Source data:
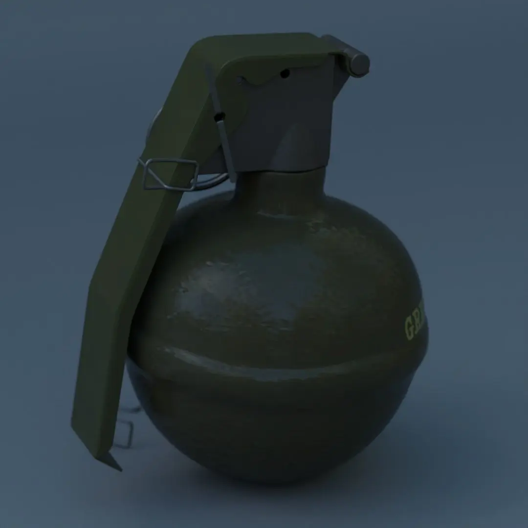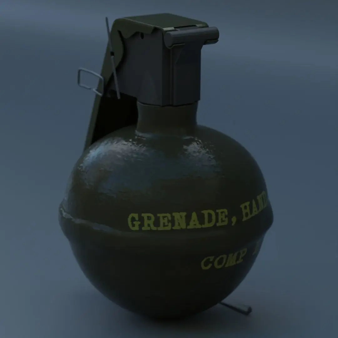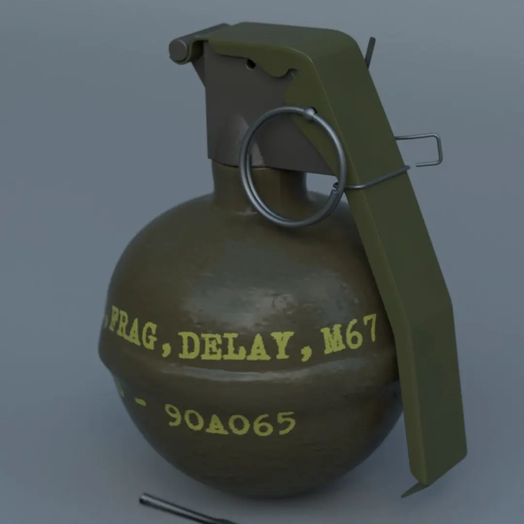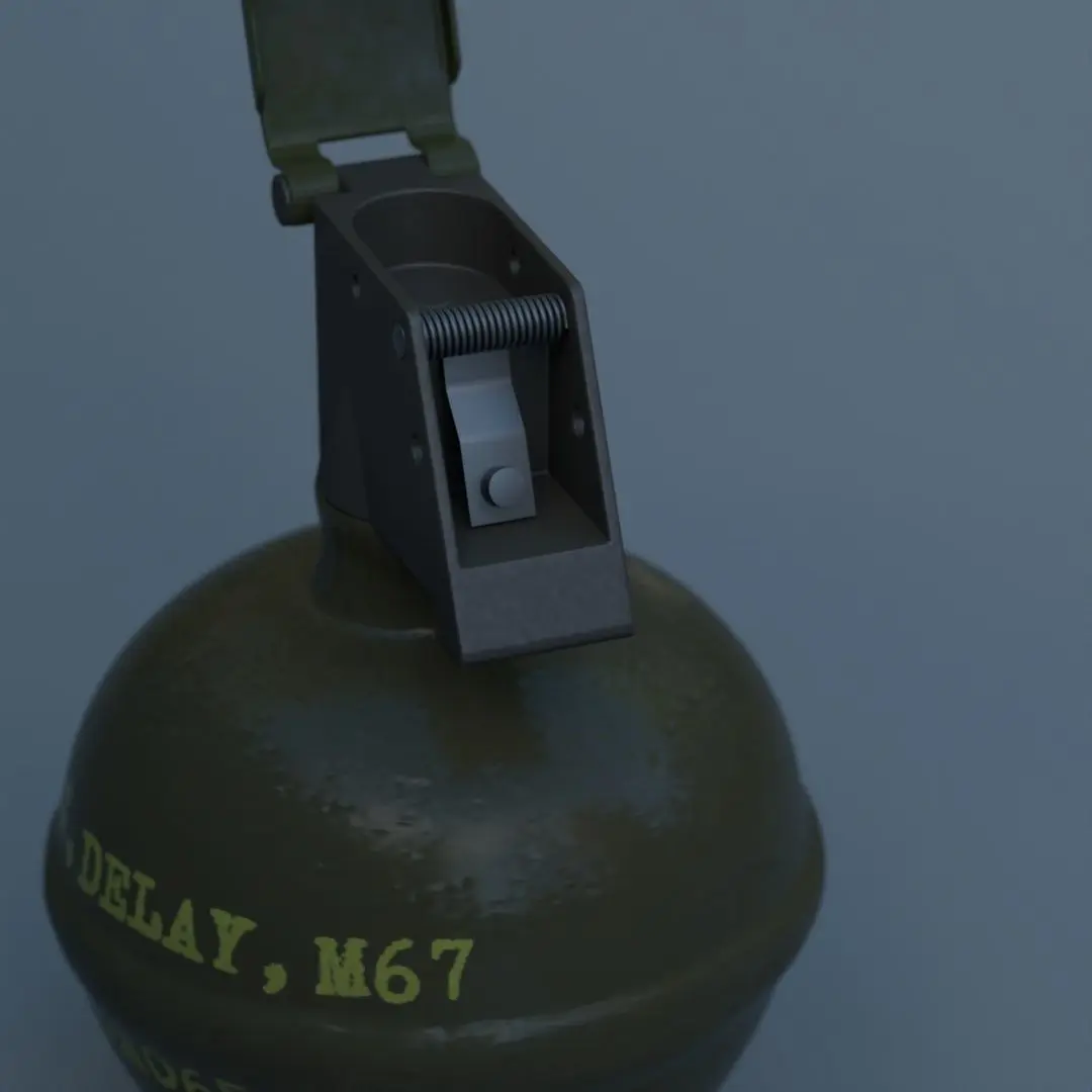 M67 fragmentation grenade. Very high polygon count, so it's really only usable for still renders. If you want to remesh it for usage in games, it's 100% allowed.The file contains an intact pin and a flattened one, that has been pulled out of the grenade. I have also included a safety pin that has been bent.
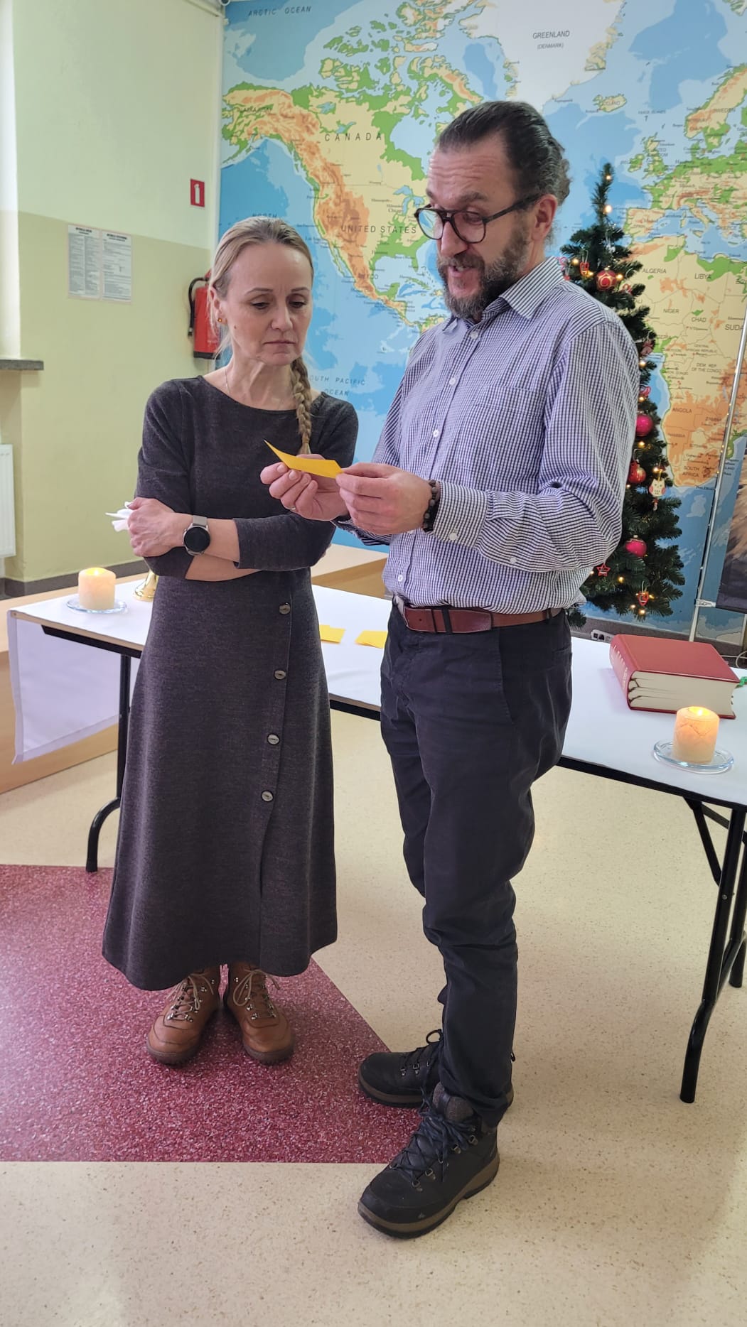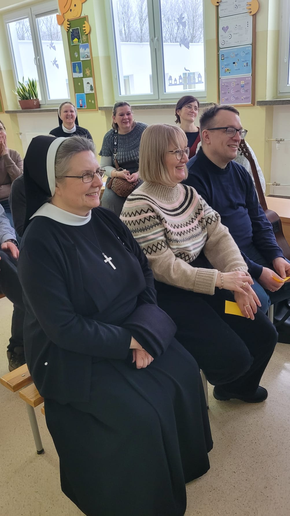 Bezpośrednio po Eucharystii był ważny moment – losowanie Patronów, którzy będą duchowo towarzyszyć każdemu z nas w Nowym Roku 2026. Chwila ta była bardzo radosna i wzmocniła poczucie wspólnoty. Następnie odbyła się wspólna agapa, podczas której przy stole toczyły się serdeczne rozmowy, pełne uśmiechu i otwartości. Był to czas bliskości i dzielenia się doświadczeniami. Gościem styczniowego spotkania była s. Elżbieta Kuczmarska, która poprowadziła dla nas konferencję na temat: “Królestwo Boże a istnienie zła – rozeznawanie duchowe, nawrócenie”. Jej słowa poruszyły nasze serca i stały się inspiracją do refleksji nad życiem w wierze, relacjami i codziennym niesieniem dobra. Całe spotkanie upłynęło w atmosferze radości, wdzięczności i duchowej bliskości, pozostawiając w naszych sercach poczucie jedności i pokoju.
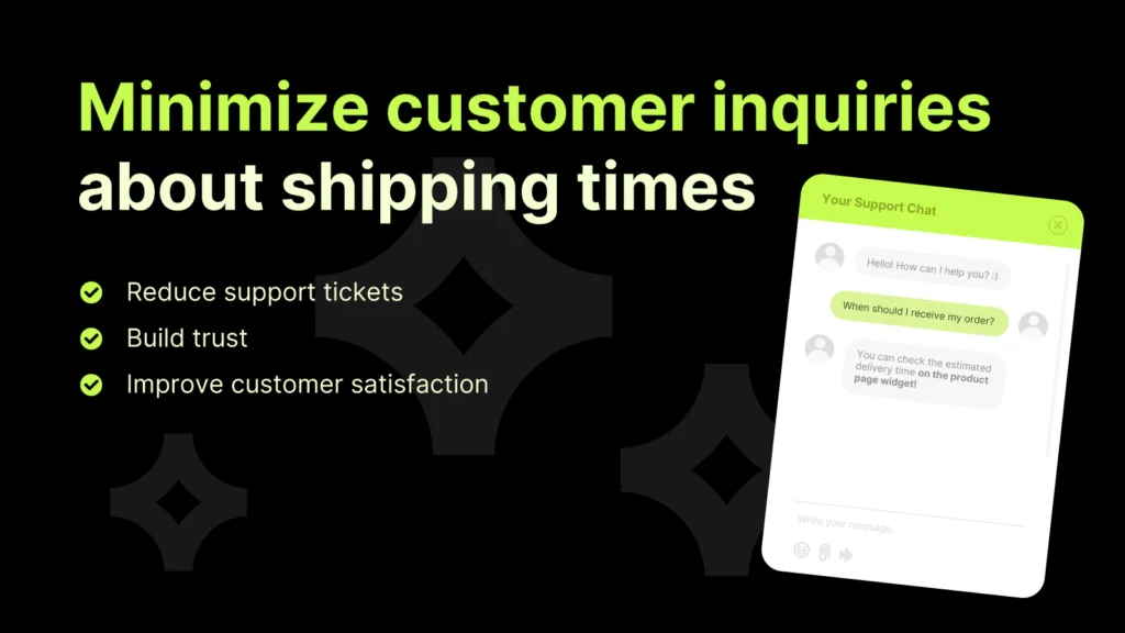 Display exact delivery times and estimated shipping dates on your product pages to reduce uncertainty and customer questions.
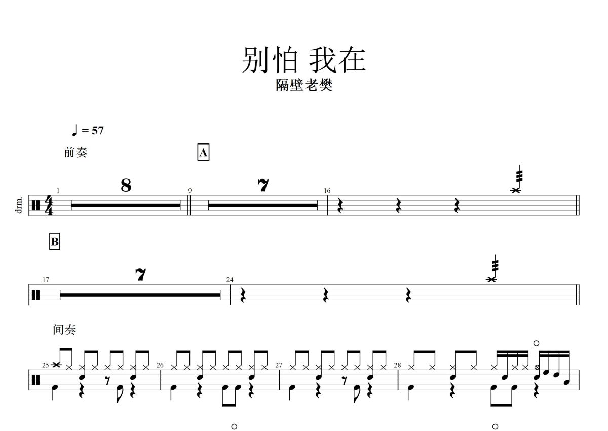 《别怕,我在》是隔壁老樊演唱的一首歌曲,这份鼓谱共有两张高清图谱,图谱由 @打鼓谱 编配上传,图谱使用五线谱编配,使用这份别怕,我在架子鼓谱,你将能够轻松地敲打出这首隔壁老樊的别怕,我在,快来尝试吧。《别怕 我在》是由隔壁老樊作词、作曲并演唱的一首歌曲,发行于2019年12月19日。

Requirement: Your task is an exact transcription of all the data, minus the pictures.

Exercise answer:
 M67 fragmentation grenade. Very high polygon count, so it's really only usable for still renders. If you want to remesh it for usage in games, it's 100% allowed.The file contains an intact pin and a flattened one, that has been pulled out of the grenade. I have also included a safety pin that has been bent.
 Bezpośrednio po Eucharystii był ważny moment – losowanie Patronów, którzy będą duchowo towarzyszyć każdemu z nas w Nowym Roku 2026. Chwila ta była bardzo radosna i wzmocniła poczucie wspólnoty. Następnie odbyła się wspólna agapa, podczas której przy stole toczyły się serdeczne rozmowy, pełne uśmiechu i otwartości. Był to czas bliskości i dzielenia się doświadczeniami. Gościem styczniowego spotkania była s. Elżbieta Kuczmarska, która poprowadziła dla nas konferencję na temat: “Królestwo Boże a istnienie zła – rozeznawanie duchowe, nawrócenie”. Jej słowa poruszyły nasze serca i stały się inspiracją do refleksji nad życiem w wierze, relacjami i codziennym niesieniem dobra. Całe spotkanie upłynęło w atmosferze radości, wdzięczności i duchowej bliskości, pozostawiając w naszych sercach poczucie jedności i pokoju.
 Display exact delivery times and estimated shipping dates on your product pages to reduce uncertainty and customer questions.
 《别怕,我在》是隔壁老樊演唱的一首歌曲,这份鼓谱共有两张高清图谱,图谱由 @打鼓谱 编配上传,图谱使用五线谱编配,使用这份别怕,我在架子鼓谱,你将能够轻松地敲打出这首隔壁老樊的别怕,我在,快来尝试吧。《别怕 我在》是由隔壁老樊作词、作曲并演唱的一首歌曲,发行于2019年12月19日。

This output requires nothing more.